Task details
Copy every entry exactly as it stands, though any image it holds should stay out of the copy.

____________

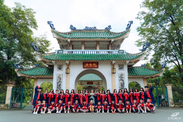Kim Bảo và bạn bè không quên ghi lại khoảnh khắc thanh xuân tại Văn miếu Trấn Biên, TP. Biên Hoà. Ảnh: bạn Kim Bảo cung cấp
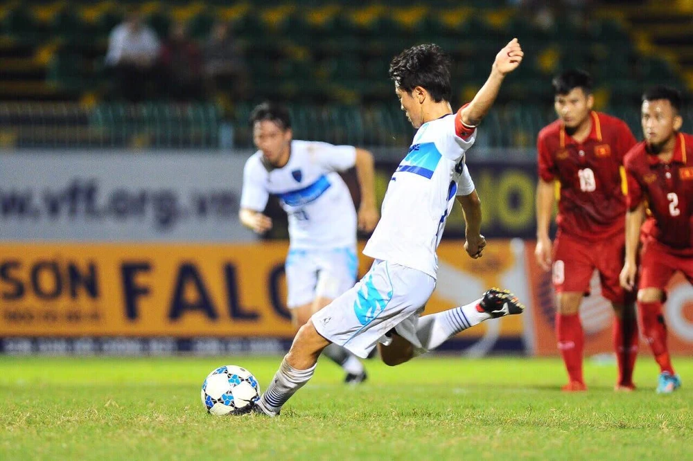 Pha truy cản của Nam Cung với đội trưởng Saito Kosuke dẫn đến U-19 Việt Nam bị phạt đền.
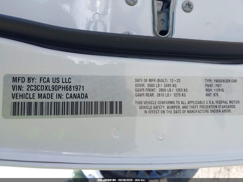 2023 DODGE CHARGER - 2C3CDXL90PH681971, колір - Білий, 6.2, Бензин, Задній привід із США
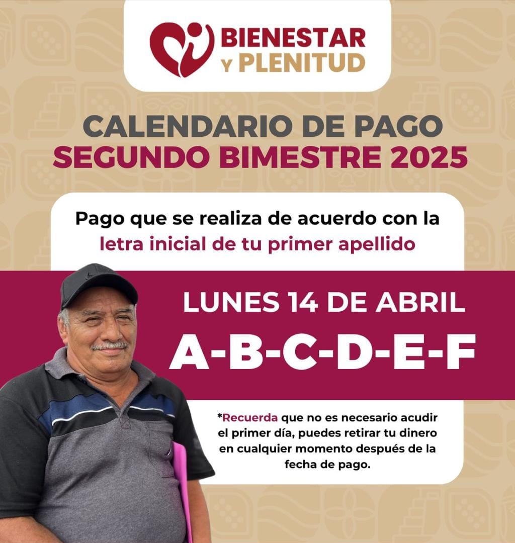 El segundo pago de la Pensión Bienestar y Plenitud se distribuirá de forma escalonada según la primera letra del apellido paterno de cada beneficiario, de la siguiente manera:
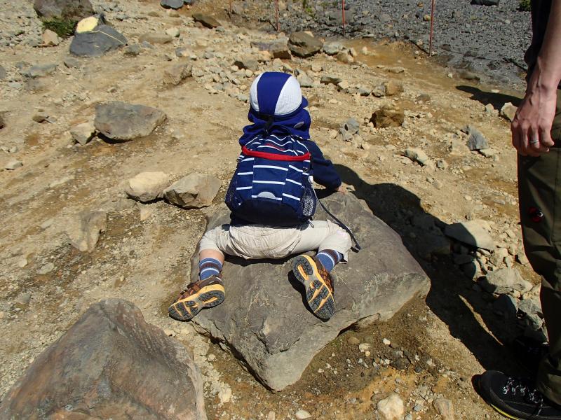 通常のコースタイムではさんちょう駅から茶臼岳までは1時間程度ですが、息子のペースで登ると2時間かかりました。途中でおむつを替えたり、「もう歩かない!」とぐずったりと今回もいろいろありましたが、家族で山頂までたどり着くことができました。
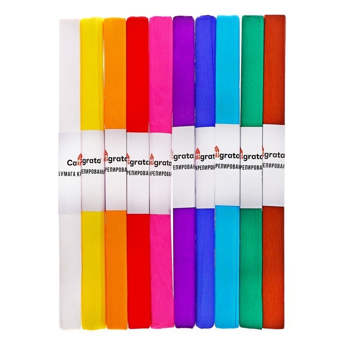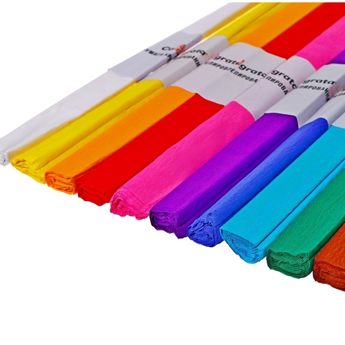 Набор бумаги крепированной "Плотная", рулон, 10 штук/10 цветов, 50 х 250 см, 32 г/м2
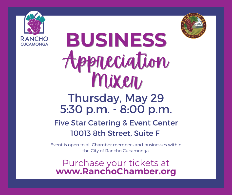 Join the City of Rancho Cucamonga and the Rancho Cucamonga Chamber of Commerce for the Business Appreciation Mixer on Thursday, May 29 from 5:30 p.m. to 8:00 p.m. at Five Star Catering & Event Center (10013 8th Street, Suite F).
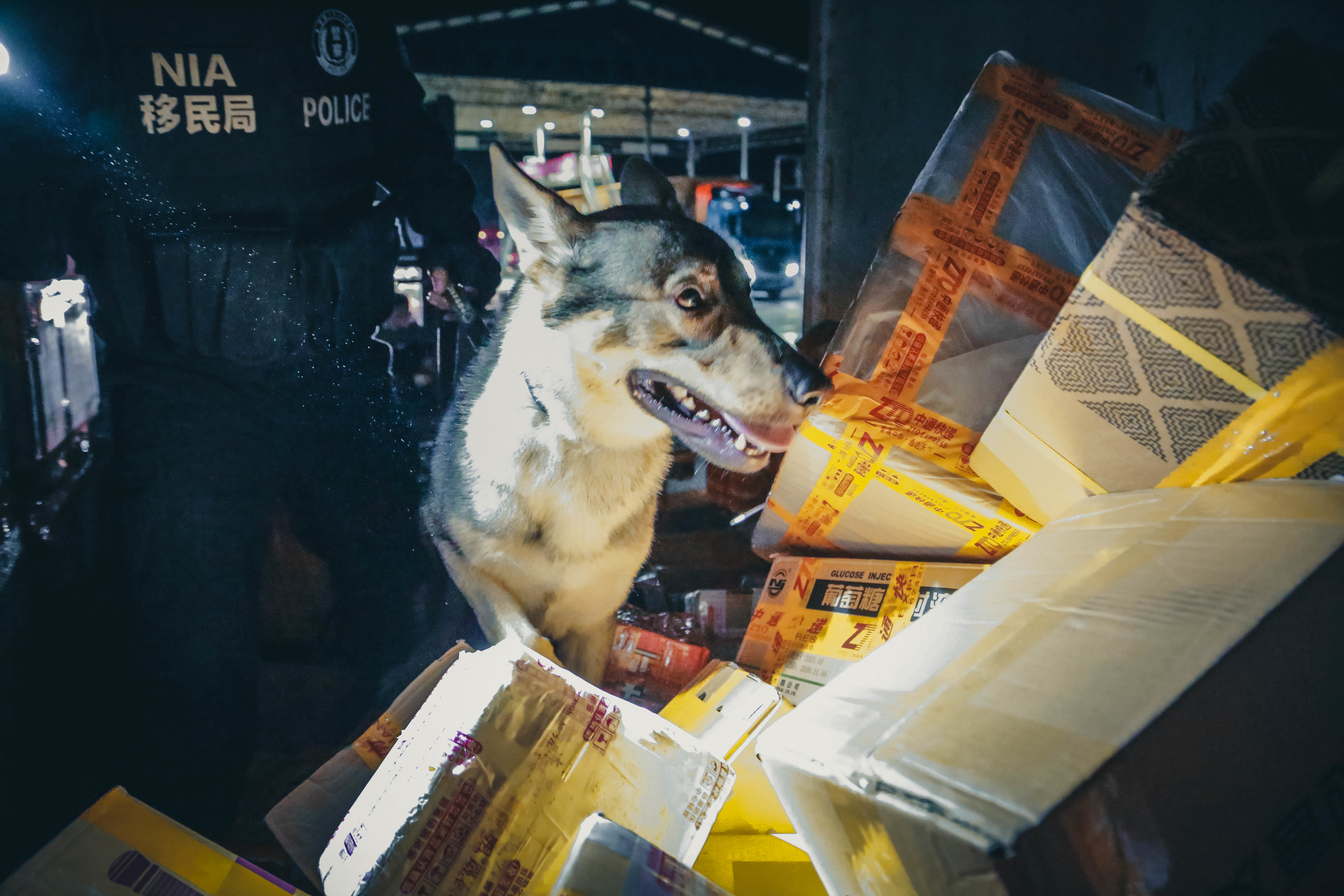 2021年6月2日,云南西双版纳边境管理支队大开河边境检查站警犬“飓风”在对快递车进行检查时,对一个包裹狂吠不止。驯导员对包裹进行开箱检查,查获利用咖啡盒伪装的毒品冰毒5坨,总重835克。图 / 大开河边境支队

____________

Output for this exercise
Kim Bảo và bạn bè không quên ghi lại khoảnh khắc thanh xuân tại Văn miếu Trấn Biên, TP. Biên Hoà. Ảnh: bạn Kim Bảo cung cấp
 Pha truy cản của Nam Cung với đội trưởng Saito Kosuke dẫn đến U-19 Việt Nam bị phạt đền.
 2023 DODGE CHARGER - 2C3CDXL90PH681971, колір - Білий, 6.2, Бензин, Задній привід із США
 El segundo pago de la Pensión Bienestar y Plenitud se distribuirá de forma escalonada según la primera letra del apellido paterno de cada beneficiario, de la siguiente manera:
 通常のコースタイムではさんちょう駅から茶臼岳までは1時間程度ですが、息子のペースで登ると2時間かかりました。途中でおむつを替えたり、「もう歩かない!」とぐずったりと今回もいろいろありましたが、家族で山頂までたどり着くことができました。
 Набор бумаги крепированной "Плотная", рулон, 10 штук/10 цветов, 50 х 250 см, 32 г/м2
 Join the City of Rancho Cucamonga and the Rancho Cucamonga Chamber of Commerce for the Business Appreciation Mixer on Thursday, May 29 from 5:30 p.m. to 8:00 p.m. at Five Star Catering & Event Center (10013 8th Street, Suite F).
 2021年6月2日,云南西双版纳边境管理支队大开河边境检查站警犬“飓风”在对快递车进行检查时,对一个包裹狂吠不止。驯导员对包裹进行开箱检查,查获利用咖啡盒伪装的毒品冰毒5坨,总重835克。图 / 大开河边境支队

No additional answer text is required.